Ps. Gothic nazwa epoki z angielska?
www.maxpayne.boo.pl
Gothic to po angielsku nazwa stylu w architekturze - Gotyckiego - narodzonego we Francji gdzieś w XII wieku... przykład budynku - katedra Notre-Dame...

A Bezimienny jak ma na imie? Bezimienny...

Skoro twórcy nie wyjaśnili nigdzie jak nasz bohater ma na imie, to może się nazywać nawet Stefan, czy Sabah al-Ahmad al-Jabir al-Sabah... to chyba proste i logiczne...
A dead issue, don't wrestle with it, deaf ears are sleeping. A guilty bliss,
so inviting, nailed to the cross. I feel you, relate to you, accuse you.
Wash away us all, take us with the floods.
Then throughout the night, they were raped and executed.
Cold hearted world. Your language unheard of, the vast sound of tuning out.
The rash of negativity is seen one sidedly, burn away the day.

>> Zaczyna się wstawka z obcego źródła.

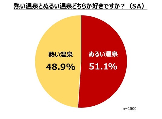 温泉の温度について好みを聞いたところ、「ぬるい温泉」派(51.1%)と「熱い温泉」派(48.9%)と好みがほぼ五分五分の結果となりました。
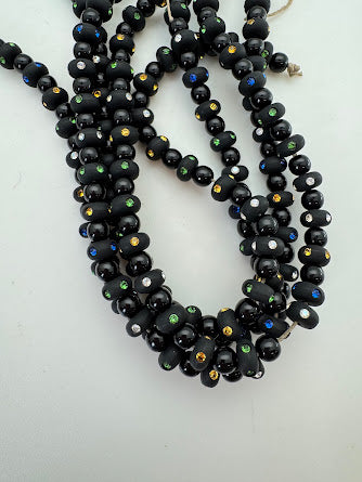 Vintage Italian polyresin Moonglow beads with Austrian crystal rhinestones. 6 Rhinestone and 6 round beads per lot. Made in Italy. Vintage stock
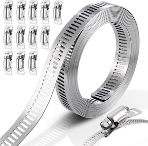 Hose Clamp Kit DIY 9.8 Feet Metal Strap + 12 Stronger Fasteners Large Adjustable
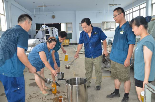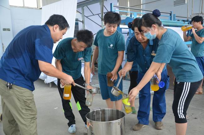 7月29日,當(dāng)日濱州市溫度高達(dá)35℃,華紡股份有限公司管理者將冰好的橘子粉化制飲品到一線生產(chǎn)崗位,一一分發(fā)到正在當(dāng)班的員工水杯中,緩解高溫為員工帶來(lái)的酷熱,送上一份清涼和關(guān)愛。
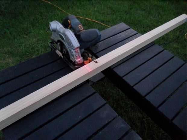 3. Cortar el pino de 40 x 40 mm en cuatro longitudes de 45cm (ver tercera foto)
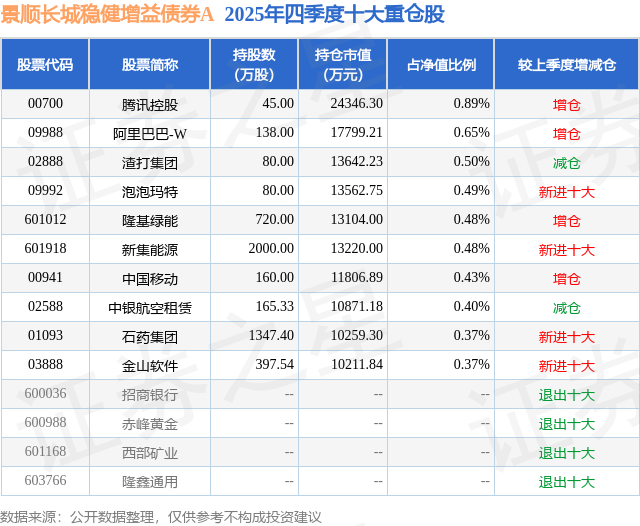 根据2025基金年报公募基金重仓股数据,重仓该股的公募基金共13家,其中持有数量最多的公募基金为景顺长城基金的景顺长城稳健增益债券A。景顺长城稳健增益债券A目前规模为105.4亿元,最新净值1.1775(1月30日),较上一交易日下跌0.23%,近一年上涨8.01%。该公募基金现任基金经理为彭成军。彭成军在任的基金产品包括:景顺长城景泰盈利纯债,管理时间为2020年9月12日至今,期间收益率为25.28%;景顺长城景泰裕利纯债债券A,管理时间为2020年9月12日至今,期间收益率为21.39%;景顺长城景泰恒利一年定开债,管理时间为2021年1月8日至今,期间收益率为17.85%;景顺长城中短债A,管理时间为2021年2月6日至今,期间收益率为15.07%。
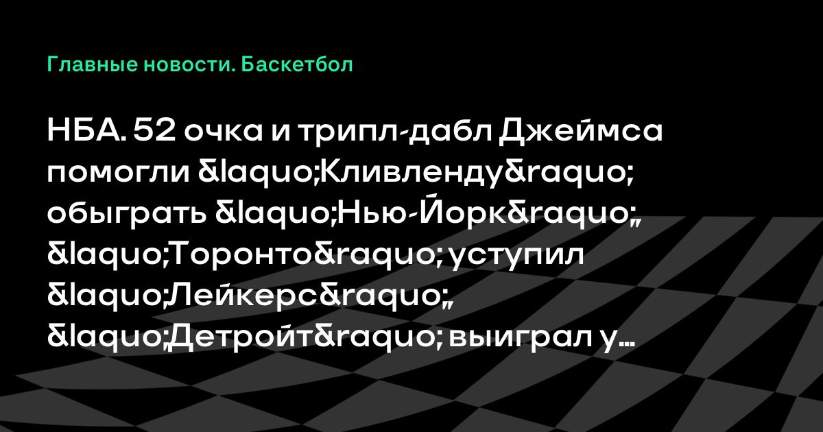 НБА. 52 очка и трипл-дабл Джеймса помогли «Кливленду» обыграть «Нью-Йорк», «Торонто» уступил «Лейкерс», «Детройт» выиграл у «Майами», «Даллас» был сильнее «Портленда» и другие результаты

Bezio nie ma imienia. Pod koniec G2, podczas rozmowy ze smokiem zombie, rzeczony potwór mówi "nie mam imienia, tak jak ty nie masz imienia" (czy jakoś tak). Na początku mi się wydawało, że jest tu pewna sprzeczność, bo bezio na początku G1 i w pewnym momencie w G2 usiłował się przedstawić, tak jakby miał imię, ale zawsze mu przerywano. Ale ktoś na jakimś forum napisał, że przecież bezio, gdy mówił "Jestem...", mógł chcieć powiedzieć np. "Jestem żołnierzem skazanym za kradzież na wydobywanie rudy w koloni".
Bezio nie ma imienia. Problem rozwiązany.
Ech, te RPGi.
Albo w klasztorze. "...nowicjuszem. Nieważne, kim byłeś"
Mag Bojowy swoimi sztyletami i ognistymi kulami zamieni w proch każdego rzezimieszka i bandytę... ...No i co się brechtasz, bo ciebie też spalę na popiół!
← Gothic
Wczytywanie...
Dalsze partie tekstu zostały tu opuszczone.